- [PROVIDED DATA]
● ● ● ● ●

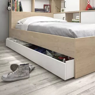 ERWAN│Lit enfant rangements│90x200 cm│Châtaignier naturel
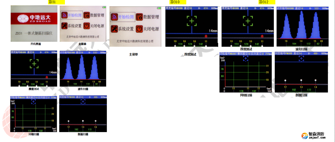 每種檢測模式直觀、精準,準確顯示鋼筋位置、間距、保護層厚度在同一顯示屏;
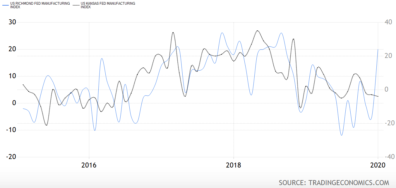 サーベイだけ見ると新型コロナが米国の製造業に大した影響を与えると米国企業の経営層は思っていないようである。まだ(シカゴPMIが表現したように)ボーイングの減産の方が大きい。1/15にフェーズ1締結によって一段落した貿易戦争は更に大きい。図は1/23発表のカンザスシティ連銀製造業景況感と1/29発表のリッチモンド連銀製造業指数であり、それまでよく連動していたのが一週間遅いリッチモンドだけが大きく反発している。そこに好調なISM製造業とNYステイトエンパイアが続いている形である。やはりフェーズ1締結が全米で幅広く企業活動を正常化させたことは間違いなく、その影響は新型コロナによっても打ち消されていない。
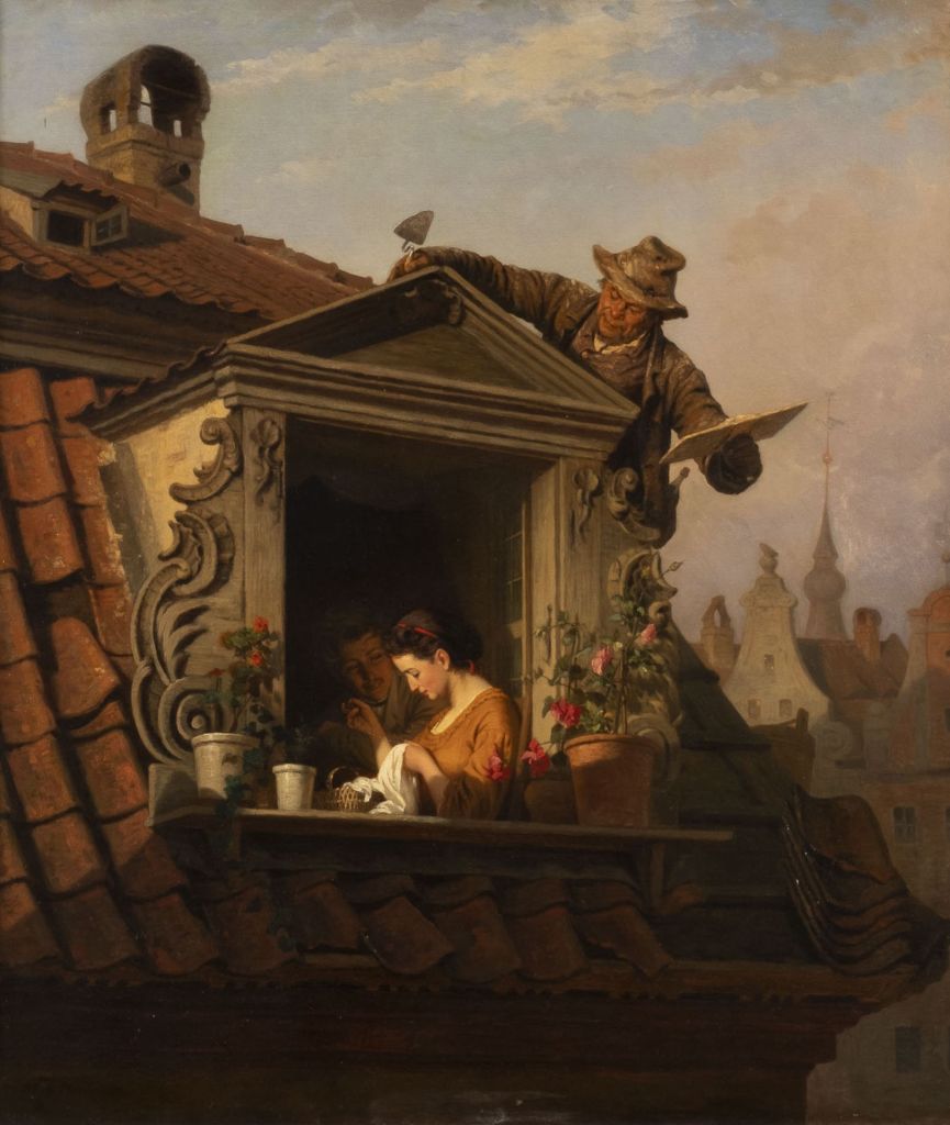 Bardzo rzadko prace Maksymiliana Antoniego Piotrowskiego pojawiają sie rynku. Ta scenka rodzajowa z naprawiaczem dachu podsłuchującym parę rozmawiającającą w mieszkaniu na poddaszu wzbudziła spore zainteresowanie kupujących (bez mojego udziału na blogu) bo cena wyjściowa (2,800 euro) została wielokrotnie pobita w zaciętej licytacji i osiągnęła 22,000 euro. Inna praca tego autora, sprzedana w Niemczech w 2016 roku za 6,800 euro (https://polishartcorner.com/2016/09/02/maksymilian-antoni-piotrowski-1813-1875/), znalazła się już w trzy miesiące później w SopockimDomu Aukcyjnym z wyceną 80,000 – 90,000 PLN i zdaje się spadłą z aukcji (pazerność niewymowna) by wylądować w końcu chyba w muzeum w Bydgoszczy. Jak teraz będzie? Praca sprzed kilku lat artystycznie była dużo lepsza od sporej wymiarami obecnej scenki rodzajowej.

● ● ● ● ●

- [WORK TASK]
Transcribe the full listing exactly, but keep every image out of it.

- [SOLUTION TO THIS PROBLEM]
 ERWAN│Lit enfant rangements│90x200 cm│Châtaignier naturel
 每種檢測模式直觀、精準,準確顯示鋼筋位置、間距、保護層厚度在同一顯示屏;
 サーベイだけ見ると新型コロナが米国の製造業に大した影響を与えると米国企業の経営層は思っていないようである。まだ(シカゴPMIが表現したように)ボーイングの減産の方が大きい。1/15にフェーズ1締結によって一段落した貿易戦争は更に大きい。図は1/23発表のカンザスシティ連銀製造業景況感と1/29発表のリッチモンド連銀製造業指数であり、それまでよく連動していたのが一週間遅いリッチモンドだけが大きく反発している。そこに好調なISM製造業とNYステイトエンパイアが続いている形である。やはりフェーズ1締結が全米で幅広く企業活動を正常化させたことは間違いなく、その影響は新型コロナによっても打ち消されていない。
 Bardzo rzadko prace Maksymiliana Antoniego Piotrowskiego pojawiają sie rynku. Ta scenka rodzajowa z naprawiaczem dachu podsłuchującym parę rozmawiającającą w mieszkaniu na poddaszu wzbudziła spore zainteresowanie kupujących (bez mojego udziału na blogu) bo cena wyjściowa (2,800 euro) została wielokrotnie pobita w zaciętej licytacji i osiągnęła 22,000 euro. Inna praca tego autora, sprzedana w Niemczech w 2016 roku za 6,800 euro (https://polishartcorner.com/2016/09/02/maksymilian-antoni-piotrowski-1813-1875/), znalazła się już w trzy miesiące później w SopockimDomu Aukcyjnym z wyceną 80,000 – 90,000 PLN i zdaje się spadłą z aukcji (pazerność niewymowna) by wylądować w końcu chyba w muzeum w Bydgoszczy. Jak teraz będzie? Praca sprzed kilku lat artystycznie była dużo lepsza od sporej wymiarami obecnej scenki rodzajowej.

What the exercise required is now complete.